A Roth IRA is an investment account that holds the investments selected by the account owner. The investments are what potentially cause the balance of a Roth IRA to increase.

For a number of reasons that we won’t discuss in this post, financial vocabulary and jargon can be abundantly confusing.

Possibly adding to the confusion are knuckleheads like me writing posts about financial topics while also making broad assumptions about how well-versed our readers are on the financial lingo.

In fact, we tend to overlook some very fundamental topics in the quest to untangle more complicated issues for our readership.

For example, one key concept any investor should understand are the basic differences between common investment tools such as: 401(k)s, IRAs, Stocks, Mutual Funds, Roth’s, Bonds, ETFs, etc.

In this mixed bag of financial terminology are two fundamental investment categories that we want to distinctively highlight and explain further in this post.

Understanding the primary difference is a key step toward organizing one’s portfolio for maximum success.

Investment Returns

To begin with, let’s answer the question at hand: “How does my money grow in a Roth IRA?

The most basic answer I can provide is through investment returns.

Your Roth IRA balance will grow by selecting an investment or, preferably, a pool of investments that increase in value over time.

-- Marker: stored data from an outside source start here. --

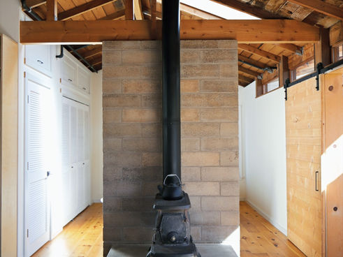 Interior space was divided by the use of new rammed earth block walls that were strategically located to act as thermal mass for passive heating and cooling and providing interior privacy.
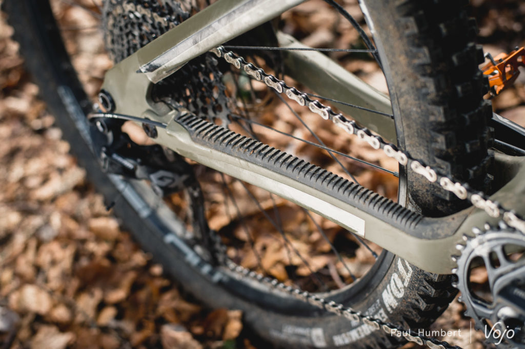 Du carbone oui, mais généreusement protégé. En dehors du film transparent apposé par Race Company (le distributeur Transition pour la France) sur ce modèle destiné aux essais et aux évènements, le cadre peut compter sur de belles protections en caoutchouc sous le tube diagonal, à l’intérieur du hauban droit et surtout sur la base droite, côté transmission. Cette dernière est particulièrement soignée, avec ses lamelles pour atténuer le bruit de la chaîne et son prolongement jusqu’au point de pivot arrière, pour couvrir toute la longueur de la base.
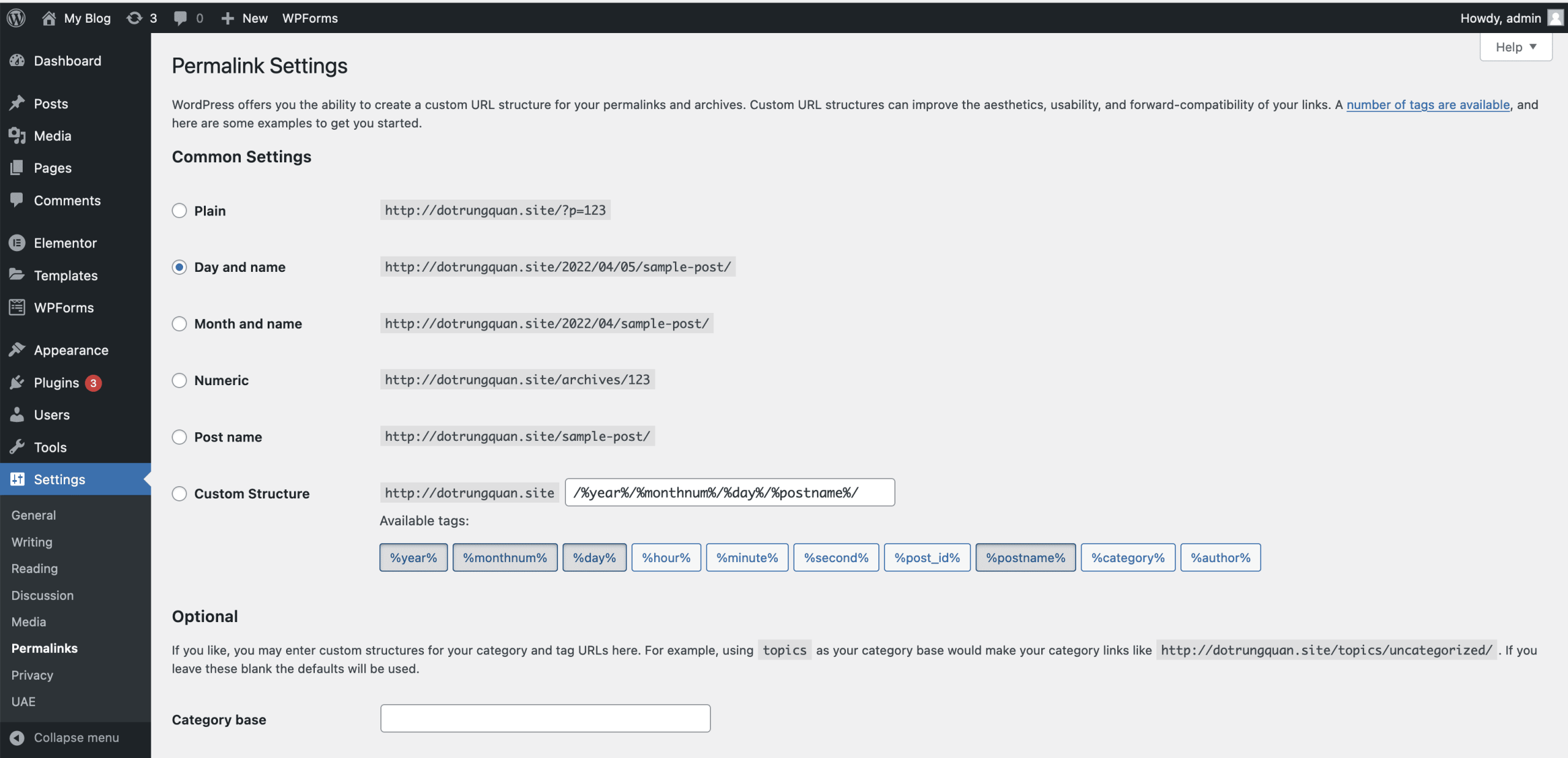 - Day and name: cấu trúc đường dẫn với kiểu hiển thị đầy đủ ngày tháng đăng post và tên post.

These investments can be things like stocks, bonds, mutual funds, Treasuries, ETFs, money markets, and certificates of deposit (among other possibilities).

Please click on the hyperlinks for further information about the topics we’ve explained in other posts.

Summarizing here, all of these investments gain or lose value based on a host of economic factors.

In the case of stocks, and stock-holding mutual funds and ETFs, value is determined by the trading value of the shares of the companies owned by each security.

Bonds, CDs, Money Markets, and Treasuries are mostly debt-based assets, meaning you act as a lender when you purchase the various securities.

Debt investments tend to have more stable returns, but they are not without risk. Although, treasuries are about as close to a risk-free asset as you can get.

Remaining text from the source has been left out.